Emmanuelle s’était abandonnée sans ouvrir les yeux au soin que l’on prenait d’elle. Sa rêverie, toutefois, n’avait rien perdu de son intensité ni de son urgence, au cours de ces mouvements. Sa main droite rampait maintenant le long de son ventre, très lentement, se retenant, finissant par atteindre le niveau du pubis, sous la couverture légère que sa progression faisait onduler. Mais, dans cette pénombre, qui pouvait la voir ? Du bout de ses doigts, elle explorait, creusait la soie souple de sa jupe, dont l’étroitesse s’opposait à ce que ses jambes s’entrouvrissent : elles tendaient l’étoffe dans leur effort pour s’écarter ; elles y réussirent suffisamment, enfin, pour que les doigts sentissent, à travers la minceur du tissu, le bouton de chair en érection qu’ils cherchaient et sur lequel ils pressèrent avec tendresse.
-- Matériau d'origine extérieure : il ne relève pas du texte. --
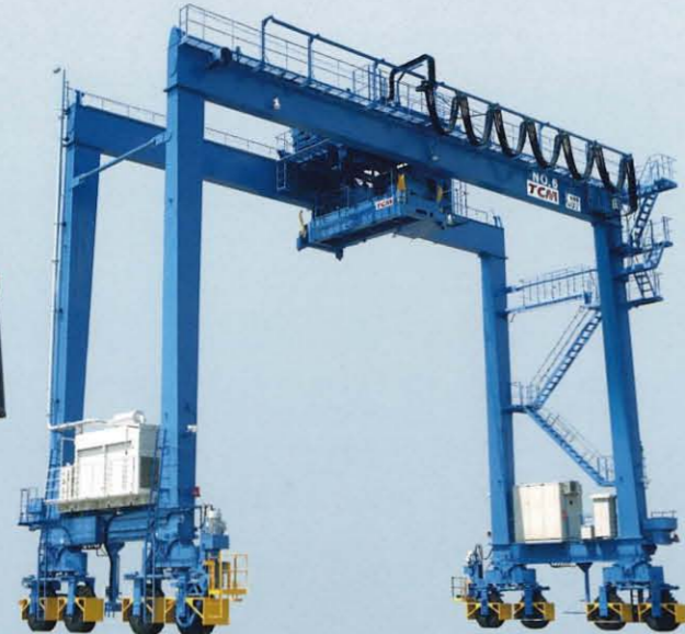
トランスファークレーン(タイヤ式) CT4 / CT5 / CT6

Pendant quelques secondes, Emmanuelle laissa l’ovation de son corps s’apaiser. Elle essayait de retarder l’issue. Mais bientôt, n’y tenant plus, elle commença, avec une plainte étouffée, de donner à son médius l’impulsion minutieuse et douce qui devait amener l’orgasme. Presque aussitôt, la main de l’homme se posa sur la sienne.
Le souffle perdu, Emmanuelle sentit ses muscles et ses nerfs se nouer, comme si un jet d’eau glacée l’avait fouettée en plein ventre. Elle resta immobile, non point vidée de sensations, mais toutes sensations et toute pensée arrêtées, à la manière d’un film dont on suspend le déroulement sans obscurcir l’image. Ni elle n’eut peur, ni elle ne fut, à proprement dire, choquée. Elle n’eut pas, non plus, le sentiment d’être prise en faute. En vérité, elle n’était capable, à ce moment-ci, de formuler le jugement ni sur le geste de l’homme, ni sur sa propre conduite. Elle avait enregistré l’événement, puis sa conscience s’était figée. Maintenant, de toute évidence, elle attendait ce qui allait prendre la suite de ses songes écoulés.